Après « 35 ans de jardin », les propriétaires jardiniers-pépiniéristes ont l’impression d’être ici comme « un peintre dans son tableau !  La retouche est permanente et l’on travaille cet éphémère car il y a du vivant, de la croissance. En fait, ce jardin est toujours en état de création… »
L’histoire commence en 1996 avec l'achat d'un corps de ferme d'une superficie d'environ 3 ha. Le couple est animé d’une passion commune pour les plantes ; d’abord la botanique puis intérêt du jardin en tant que concept, structure et architecture, donnant lieu à de nombreuses visites de sites emblématiques, tant en France qu’à l’étranger. A partir de là, leurs désirs prennent forme par le choix d’un dessin classique français.  Sur ce terrain plat balayé par les vents, à l’origine simple prairie, le respect des lieux tient à la structure simple et élégante doublée d’une abondance végétale toute naturelle. Les haies denses, principalement en ifs et charmes, forment une ossature forte du jardin et protègent des vents dominants. Elles sont souvent accompagnées de buis taillés et alliées essentiellement aux plantes vivaces herbacées. Pas d’arbres ni d’arbustes ni de rosiers dans les plates-bandes proches de la maison ; la « broderie » des parterres n’est constituée que par le dessin des buis taillés et la richesse des vivaces et des graminées. En contraste avec cette structure marquante et exubérante, un grand et serein miroir d’eau a remplacé un des carrés de l’ancien verger. C’est une caractéristique du jardin Plume, un lien puissant avec la nature environnante, une grande perspective ouverte où l’œil ne semble jamais s’arrêter. Tout se travaille sur les pourtours, agrémentés de grands carrés de graminées, car la partie centrale ne doit apporter aucune nuisance visuelle.

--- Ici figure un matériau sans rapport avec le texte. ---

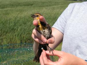 Female yellow-headed blackbirds were captured using nest traps to collect blood for WNV antibody detection and immunity quantification. Blood serum was tested for WNV antibodies using competitive enzyme-linked immunoabsorbent assay (ELISA) specifically designed to detect WNV antibodies in blood serum from avian species. To assess variation in immune function among females, I created blood smears and obtain ratios of immune system cells (heterophils to lymphocytes). Prior to release, each female was banded with a standard Fish and Wildlife Service aluminum band along with a unique color-band combination for individual field identification. I located and monitor nests of each banded female yellow-headed blackbird to determine nest success and nestling performance and how differences in carotenoid levels influences reproduction. Male yellow-headed blackbirds and other members of the Family Icteridae (red-winged blackbirds, common grackles, etc.) were also captured using live funnel traps for WNV antibody detection.

La liberté des plantes est très surveillée car ici tout a été conçu en fonction de la gestion quotidienne et future. Le rappel de la nature, caractérisée par toutes les plantations un peu folles (mais d’entretien très programmé !), est cadré par les haies et bordures taillées de façon classique, exceptée la grande haie d’ifs modelée en forme de vagues, un clin d’œil raffiné à la proximité de la côte d’Albâtre.

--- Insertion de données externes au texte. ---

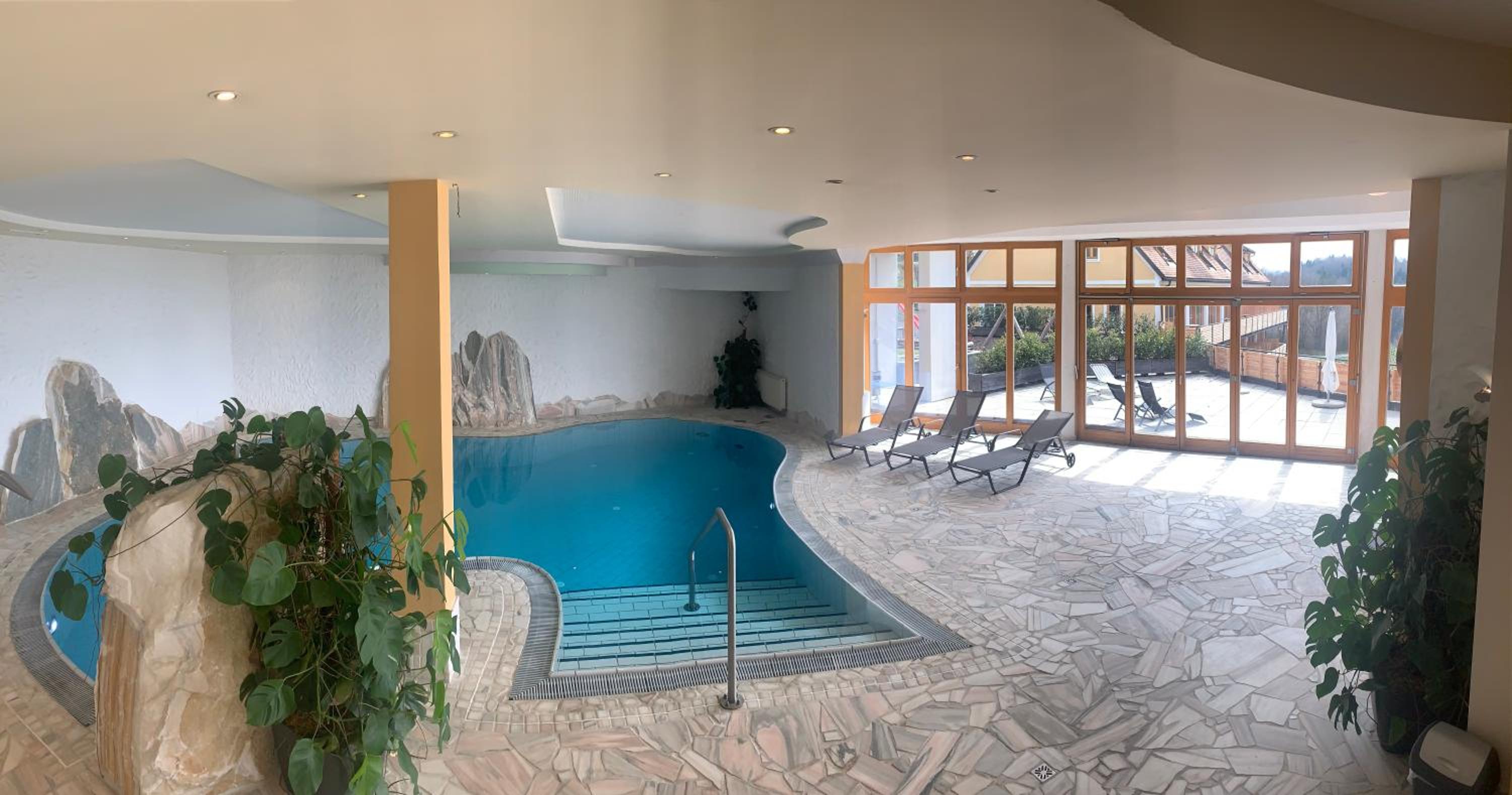Badelandschsft und Sauna war 2022 noch voll funktionsfähig (Dampfbad, Infrarotkabine, Wasserspiele im Becken)

Les grandes haies brise-vent délimitent près de la maison des chambres de verdure, dont chacune a un thème de saison : à l’est le jardin de printemps, devant la maison le jardin d’été et à l’ouest le jardin d’automne. Nous restons un long moment dans ce dernier, submergés par les grandes graminées, les Cimicifuga atropurpurea et autres généreuses vivaces dans lesquelles jouent une nuée de papillons multicolores.

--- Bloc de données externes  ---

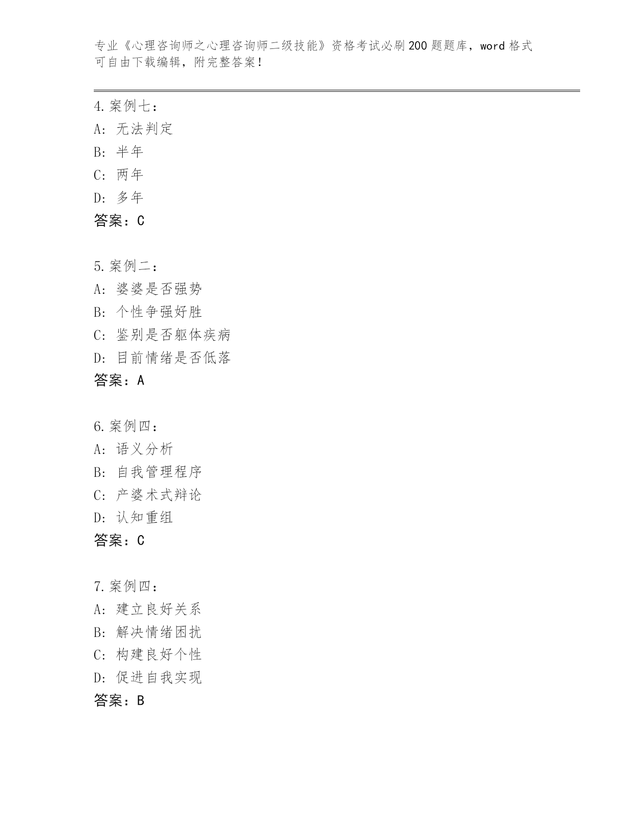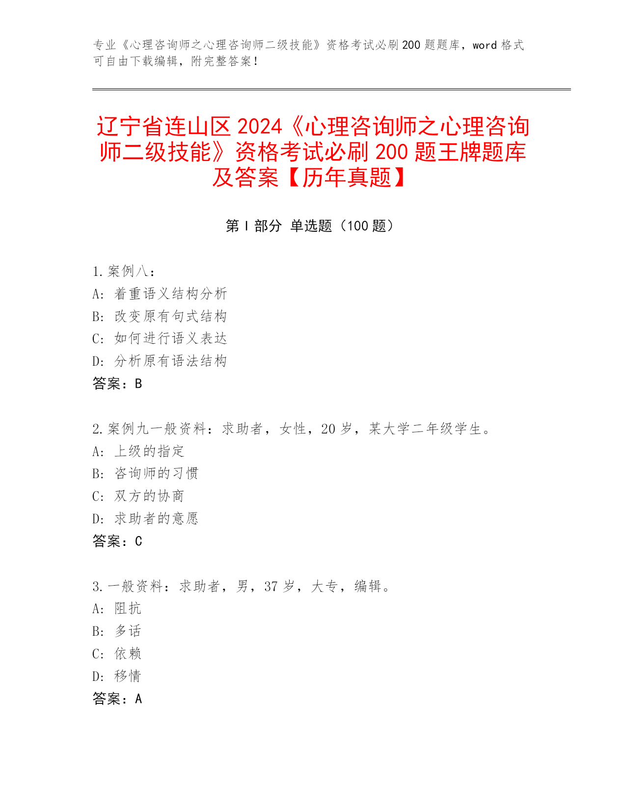 历年辽宁省振安区《心理咨询师之心理咨询师二级技能》资格考试必背200题真题题库及答案【各地真题】

Ce sont les graminées qui ont fait la réputation du jardin Plume ; elles sont employées de multiples façons et toutes leurs facettes sont exposées. Néanmoins, les vivaces abondent et définissent un travail très « pointilliste » de la part de Patrick et Sylvie Quibel, donnant une légèreté omniprésente dans le jardin par son aspect naturel, en fait savamment travaillé. Un travail d’artiste sublimé par une excellente connaissance des végétaux, affirmant ainsi la devise de Beth Chato « la bonne plante au bon endroit ».

Les Jardins Agapanthe
Ces jardins, dessinés et mis en scène par l’architecte paysagiste et propriétaire Alexandre Thomas se situent entre Rouen et Dieppe, au cœur du village de Grigneuseville. D’un terrain plat et nu, le site est devenu vallonné, construit en chambres de verdures, parsemé de passages secrets à l’image d’un labyrinthe animé par l’eau, omniprésente.
Au départ, le jeune Alexandre « met ses parents au jardin » ; aujourd’hui, avec la recréation en 2006 d’un second jardin au delà de la route, le paysagiste et sa mère continuent l’aventure, dans un décor luxuriant constamment renouvelé.
L’espace s’est donc progressivement agrandi, jusqu’à atteindre aujourd’hui 6000m2 de jardins remodelés, sans gazon, d’un entretien difficile mais impeccablement maitrisé, malgré la contrainte du relief créé car par endroit on peut trouver 5m de dénivelé. Le sol est recouvert d’une mince couche de sable ratissée et régulièrement renouvelée.  Ceci étant le goût et la volonté de Pascal Thomas.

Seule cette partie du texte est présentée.